● Material for this exercise:
━━━

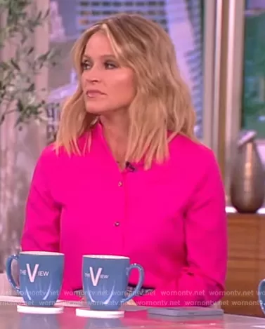 Sara Haines on The View on ABC was spotted wearing this pink button down blouse on The View on Jun 08 2023's episode. Sara's Top is the High-Low Button-Front Blouse by Agnona.
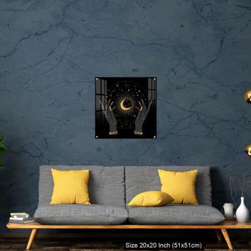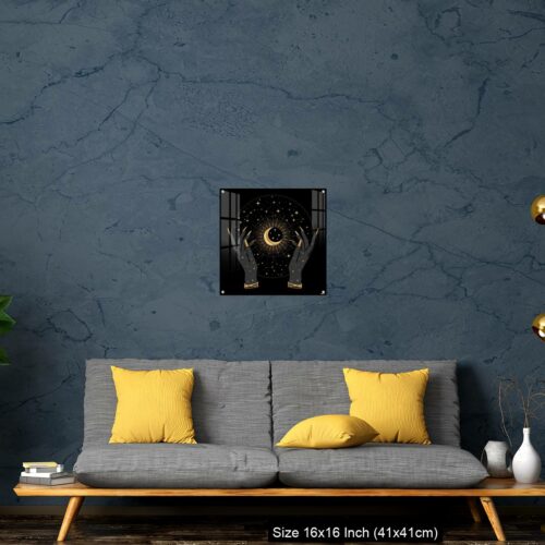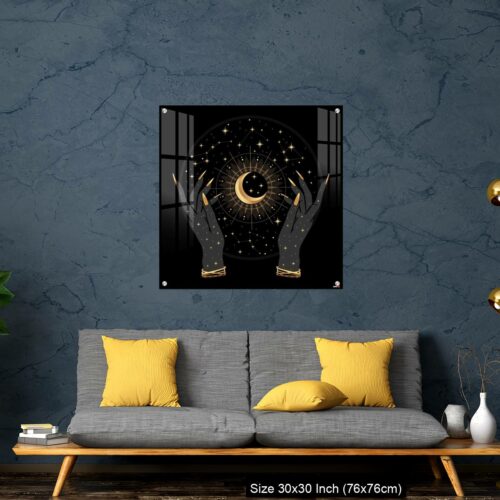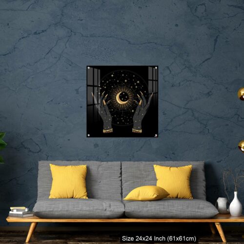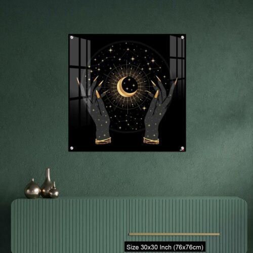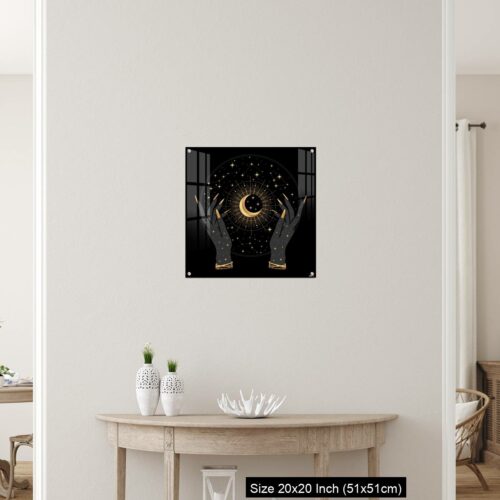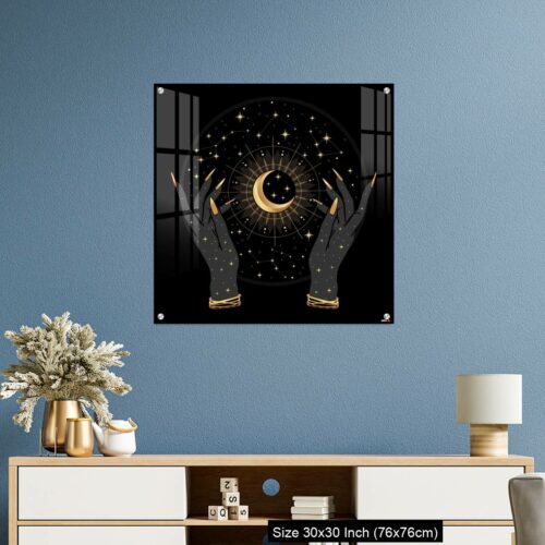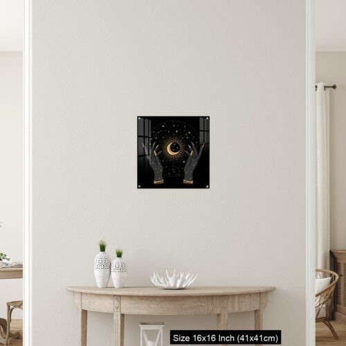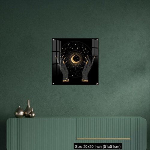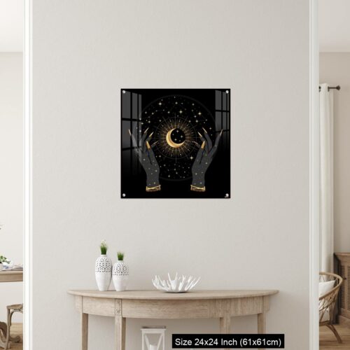 Acrylic Wall Decor – Black and gold boho crescent and elegant female hands.
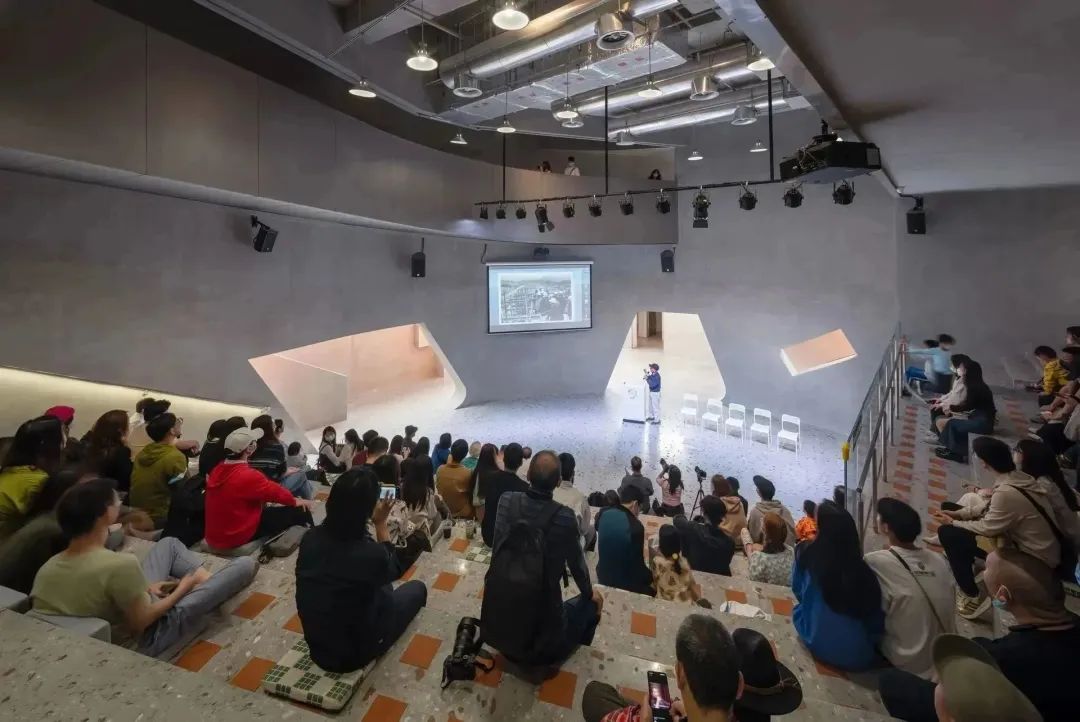 在D1我们坚持做了一个开放的报告厅,业主一开始有疑虑,因为报告厅没有门,害怕会干扰。但是为什么是干扰呢?像是一个城市的街角,大家路过听一听报告,不感兴趣就走掉,非常自由,也没有强制性。这就是城市生活,我们不知道会遇到什么。
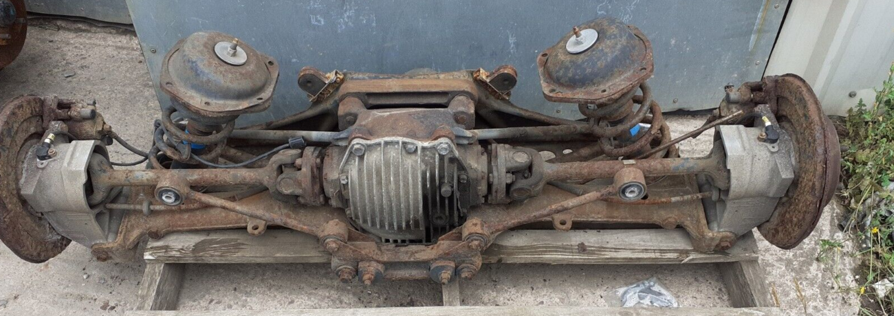 Takže fwd několik let a tatík měl potřebu vstoupit do stejné řeky. Kára skoro stejná (design, rozměry, vrtochy), podvozkově středověk (ocel, litina, na foto tech. zajímavý detail na zadní nápravě – “pevná” poloosa supluje horní rameno, což zní cool, ale při pohledu na provedení je patrné, že dát tam prostě jedno rameno navíc umožní celou konstrukci lehčí o několik mrtvých Indů), motor průtokový ohřívač benálu s větrákem (Eaton M90) nad palicí.
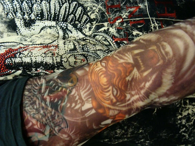 Sleeve tattoos that look real!! Vicious Tigers and Dragon Pair of Tattoo Sleeves. Introducing the NEW Tattoo Sleeve fashion accessory! Anyone that wants the cool tattooed look without the commitment (and pain) of getting a permanent tattoo will love these! This design features a sharp tribal design with a unique voodoo skeleton. These are perfect for men and woman.

━━━

● What you have to do:
Through the line containing "Takže fwd několik" and no further, restate the data above word for word from its first line, leaving out pictures.

● Response:
 Sara Haines on The View on ABC was spotted wearing this pink button down blouse on The View on Jun 08 2023's episode. Sara's Top is the High-Low Button-Front Blouse by Agnona.
 Acrylic Wall Decor – Black and gold boho crescent and elegant female hands.
 在D1我们坚持做了一个开放的报告厅,业主一开始有疑虑,因为报告厅没有门,害怕会干扰。但是为什么是干扰呢?像是一个城市的街角,大家路过听一听报告,不感兴趣就走掉,非常自由,也没有强制性。这就是城市生活,我们不知道会遇到什么。
 Takže fwd několik let a tatík měl potřebu vstoupit do stejné řeky. Kára skoro stejná (design, rozměry, vrtochy), podvozkově středověk (ocel, litina, na foto tech. zajímavý detail na zadní nápravě – “pevná” poloosa supluje horní rameno, což zní cool, ale při pohledu na provedení je patrné, že dát tam prostě jedno rameno navíc umožní celou konstrukci lehčí o několik mrtvých Indů), motor průtokový ohřívač benálu s větrákem (Eaton M90) nad palicí.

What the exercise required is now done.